I am hoping to use one of the existing sockets in the kitchen rather than trying to fit new wiring and so radial gets me closer to doing this.


----------



## snikpoh (Nov 19, 2007)

pewe said:


> Thanks snikpoh.
> 
> Radial is what I was hoping for, but now I need to know what the size of the cable is likely to be (2.5mm or 4mm).
> 
> ...


At 3.7 - 5.5kW you'll really need a 30amp feed from the main box and a dedicated 'trip'.

Best to get a QUALIFIED (Spanish) electrician in.

The joy of working on electrics in Spain is that everything can be run through the conduits to accessible boxes - most sane thing they've ever done in Spain 


Have you checked what their supply is? If the boiler draws that sort of power, then you'll need to be on one of the higher levels.


----------



## pewe (May 12, 2015)

phoenix4321 said:


> both legally and morally you are on the thinnest of ice here. Legally I am pretty sure over here in spain only qualified electricians are allowed to work on the electrical systems (a bit like back in blighty with the current part P etc) and the owner might need the work to be 'signed' off (once again back in Britain this work would be under the Electrical Installation Certificate, if it involves a new circuit). Morally if you are resorting to expat forums for electrical advice I would have to say that you owe it to your friends to decline this work and get a proper Spanish electrician in, sorry no offence, just honest advice.


Thanks for your concern phoenix.

For sake of brevity I didn't go in to all the details.
I will be fitting the unit and doing all the plumbing, but there is a local electrician (recommended) who would be asked to quote to come in and make the electrical connections once the unit is fitted.

My query was to try and establish the complexity of the work that may be needed to make the electrical connections.
In the UK the unit would require a dedicated connection through a fused spur box back to the main fuse box - because we have ring mains using 2.5mm wiring - which would be very complex and costly - burying cabling etc.

If the house is wired correctly for a radial circuit it means less work running cabling if an existing socket can be used (with adaptation to a switched/fused isolation box), hence a much lower and more affordable installation (electrical) cost. 
As my relative knows nothing about this type of work I wanted to be sure I knew what should be involved so there is no 'wool pulling' and overcharging.

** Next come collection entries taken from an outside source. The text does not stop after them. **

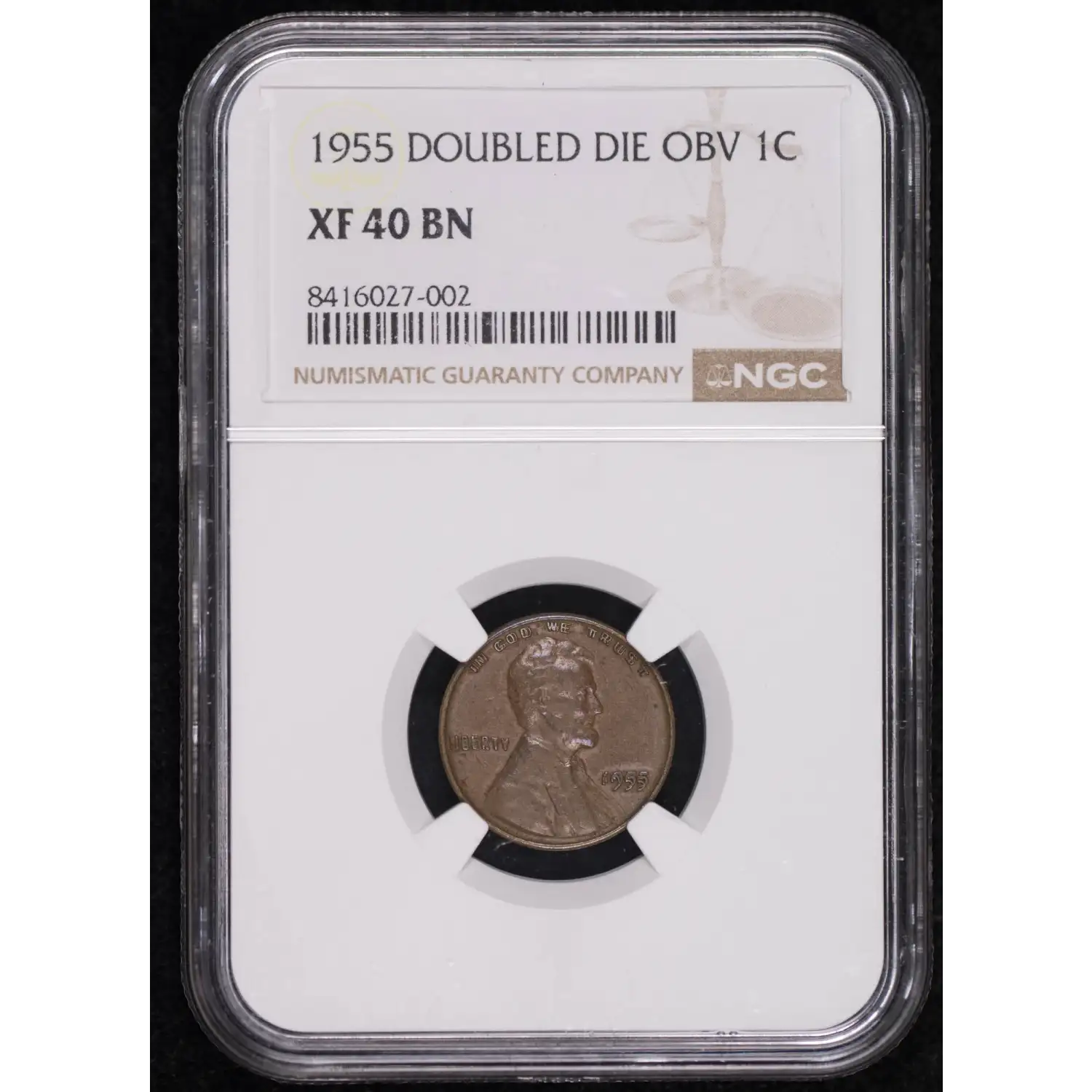 1955-Double Die Small Cents Lincoln, Wheat Ears Reverse NGC XF-40 BN
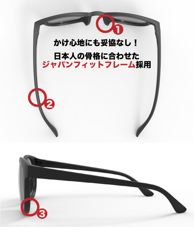 「Sorge×Re:」のコラボサングラスは、日本人の骨格に合わせて、フレームカーブやノーズパッドが作られたジャパンフィットフレームを採用しています。
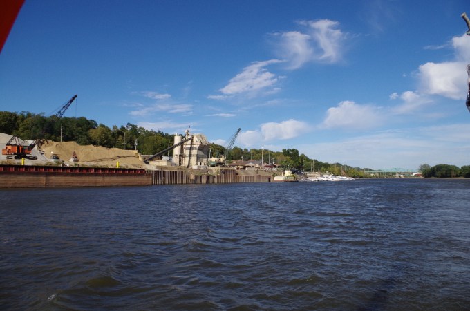 We are passing a marina & gravel and sand industry area in Peru Illinois
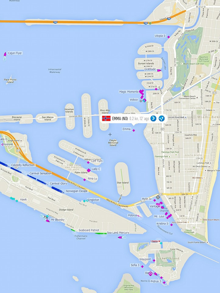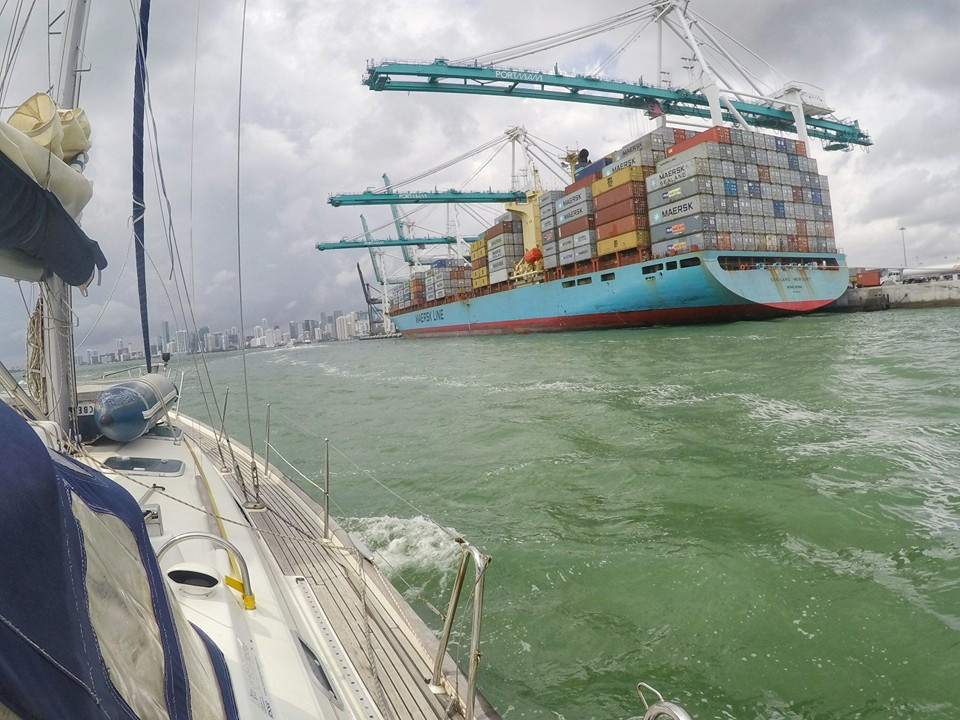 We arrived at the port of Miami around noon. The currents and waves outside the entrance were high, but once inside, it calmed down. Inside the port, the traffic was intense. Jetskis, fishing boats, superyachts, ferries and cargo ships in all directions. At the same time we had to keep a sharp eye on the charts, as you can run aground if you astray just a little bit from the dredged channels.
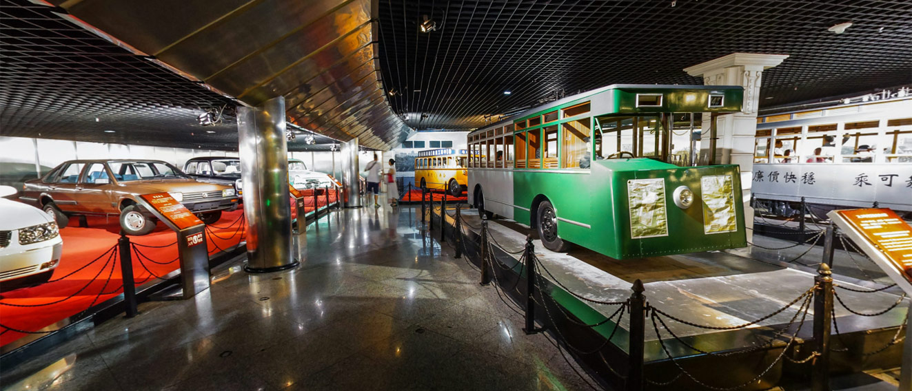 In the very first pavilion on the basement there is a small retrospective exposition of the urban transport vehicles ever running along the streets of Shanghai in different years from rickshaw to trolley bus. For the most part these are replicas or public transport models with skillfully made wax figures of trolleymen and drivers. Besides, real passenger cars of Shanghai automobile plant's production of different manufacturing years are presented here.

Just as an aside - in the local area where my relative lives (mostly native residents as opposed to expats) there are a lot of local handy men who do all sorts of work who are probably not certified to do it, and no one seems to bat an eyelid. As a consequence she finds it difficult to find reliable quality tradesmen that she would feel comfortable using to do any work for her.


----------



## baldilocks (Mar 7, 2010)

You must have a fully qualified and authorised electrician to oversee and confirm that everything is in order before he will issue a "boletín" to enable the connection to be made to the meter and the mains. What you will be asking for is an electrician to accept that he wasn't required to do the work, and somebody else has done him out of a job, yet he is required to confirm that everything is in order. - he might consider that to be a bit of a cheek.


----------



## pewe (May 12, 2015)

baldilocks said:


> You must have a fully qualified and authorised electrician to oversee and confirm that everything is in order before he will issue a "boletín" to enable the connection to be made to the meter and the mains. What you will be asking for is an electrician to accept that he wasn't required to do the work, and somebody else has done him out of a job, yet he is required to confirm that everything is in order. - he might consider that to be a bit of a cheek.


What you describe is not what would actually be required in this situation.
The unit will be plumbed in and the electrician would be required to do all the electrical work, ie to supply the materials and make the electrical connection from the unit to an existing outlet, changing the existing socket plate to a switched/fused isolator.

So it won't actually be doing him out of work - most electricians won't want to do the plumbing anyway.

However, (as an aside) what you describe is exactly as it is here in the UK, and there are a number of electricians here who are happy to test, inspect and certify work not done by them and issue a certificate. 
For example I built a 2 storey 3 bed extension on our house a couple of years ago, and along with everything else did all the electrics myself (I have been doing diy with electrics for the last 40 years and am pretty competent at it) and I had 4 different electricians give me quotes to do the necessary to issue a certificate. However some did try it on, prices quoted ranged from £85 to £250 for what turned out to be a couple of hours work including travelling time.
Building regs then did their final inspection and accepted the certificate knowing that I had done the work and then had it certified.

Interestingly, I have since had some acquaintances who needed electrical work done. For one of them I did the job (small one) and had the same electrician in to certify, and for 3 others I referred them to him to do it all - so he got more work, so he's happy.


----------